Two unique sequences, LWKLL in the transactivation domain and ILTII in the DBD, were identified in the p53 protein that corresponds to motifs described in other coactivators and corepressors of NRs (Fig. 3B). The LXXLL motif, which is present in several coactivators of PXR, mediates protein-protein interactions to enhance the activity of the associated receptor (Plevin et al., 2005). The I/LXXI/VI corepressor NR boxes mediate binding of corepressors such as NCoR and SMRT to NRs, where they attenuate receptor activity (Perissi et al., 1999). To determine whether the LWKLL or ILTII motifs in p53 mediate the protein-protein interaction with PXR, we mutated the LWKLL or ILTII sequences individually (Mt1, Mt2) and in combination (Mt3), as indicated in Fig. 3B. Similar to the p53 R175H mutant, Mt1, Mt2, and Mt3 were unable to regulate the activity of the p53 response luciferase reporter gene PG13 (Fig. 3C). Mutation at Trp23 within the LWKLL sequence has been shown to result in a loss of p53 transactivation activity and is thus critical for p53 function (Lin et al., 1994). The loss of function was observed when either Trp23 or Lys24 within the LWKLL motif was mutated individually or together to an alanine (Mt4, Mt5, and Mt6) (Fig. 3, B and C).

In immunoprecipitation experiments from U2OS cells stably expressing GFP-PXR or GFP alone, GFP-PXR showed a similar association with all the p53 mutants that were used (Fig. 3A), suggesting that neither the LWKLL nor the ILTII motif is required for p53 to interact physically with PXR. Consistent with the results observed with the R175H mutant (Fig. 2, B and C), the inactive p53 mutants did not attenuate PXR activity (Fig. 3D) and showed a dominant negative effect on the inhibitory effect of wild-type p53 on PXR (Fig. 2C and data not shown).

PXR.2 (PXR∆174–210) Fails to Interact with p53.
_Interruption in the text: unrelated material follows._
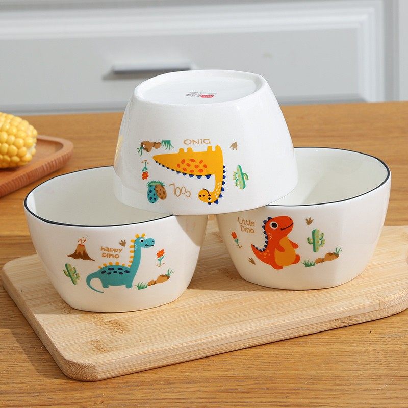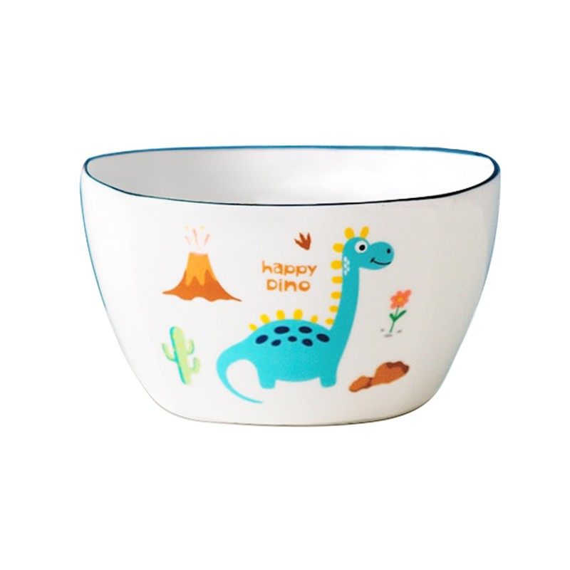 创意卡通可爱萌宠恐龙饭碗餐盘组合套装家用高颜值陶瓷方形碗菜盘
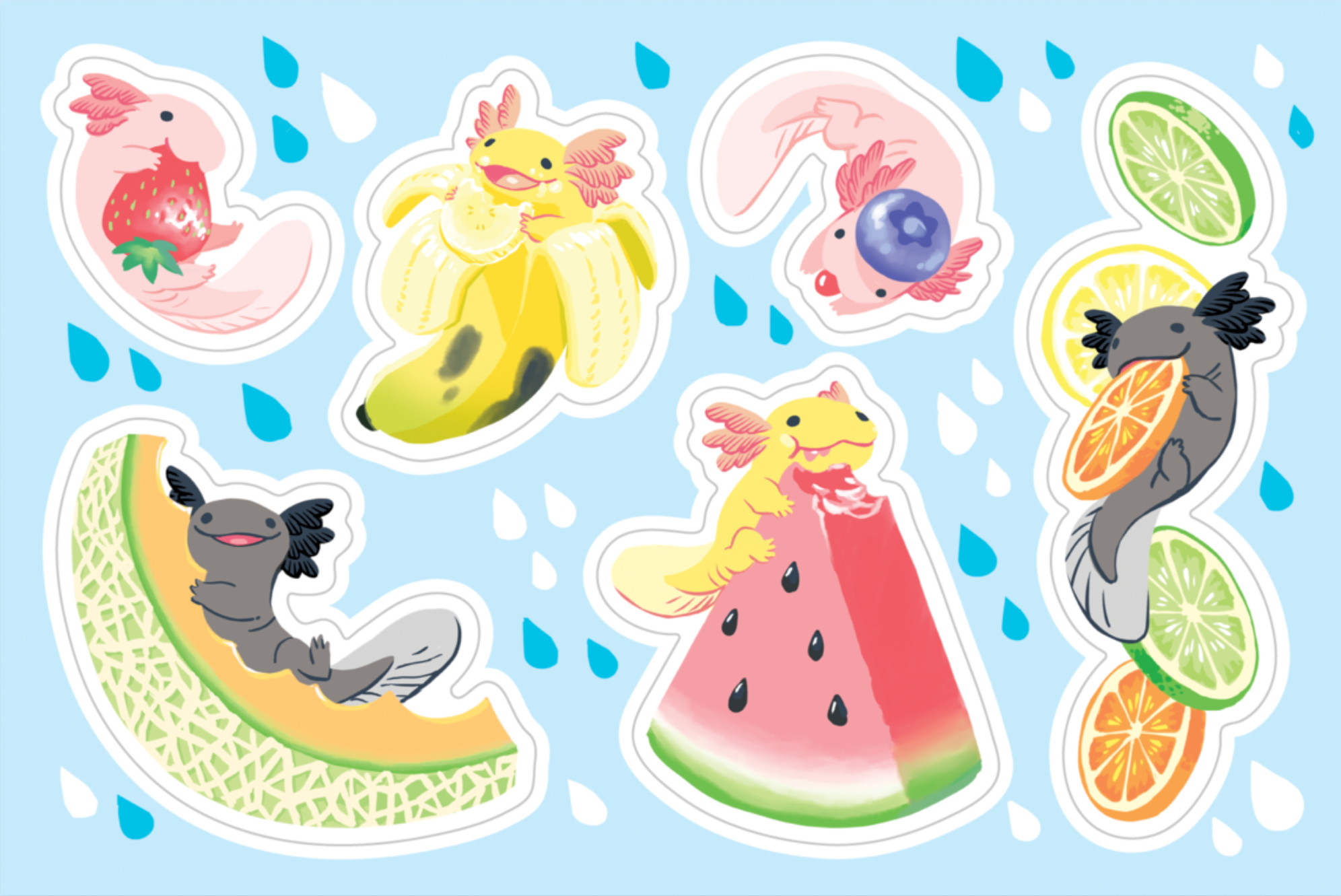 These axolotls need alotl snax to get through the long day. Hashtag relateable?? Whether you're into healthy snacks or salty sweet snacks, there's a snaxolotl out there who understands completely. Each sticker sheet measures 4x6 inches and each character sticker is kiss cut so that you can easily peel them off the sheet. The borders are also transparent, so stick them anywhere without a white border getting in the way! This sturdy weatherproof gloss laminated vinyl will hold up to 5+ years outdoor use / heavy handling too! Great for phones, handheld consoles, vehicles, etc.

To identify which domains of PXR are responsible for interacting with p53, various truncation mutants of PXR were generated (Fig. 4A). PXR∆1–99, which contains the full LBD (amino acids 142–434) but lacks the DBD, failed to interact with p53 (Fig. 4B), suggesting that the N-terminal 99 amino acids are required for the interaction. A more refined study showed that deletion of either amino acids 2–40 (∆2–40) or amino acids 21–60 (∆21–60) at the N terminus did not noticeably affect the interaction of with p53 (Supplemental Fig. 2), suggesting that the amino acids 61–99, which are part of the DBD (amino acids 41–107), are critical for p53-PXR interaction. On the other hand, deletion of either the last 14 amino acids (∆421–434) or the last 134 amino acids (∆301–434) at the C terminus, which removes the activation function domain 2 (AF-2), also abolishes the interaction of PXR with p53 (Supplemental Fig. 2), suggesting that the AF-2 domain of PXR is critical for its interaction with p53.

Fig. 4.

Fig. 4.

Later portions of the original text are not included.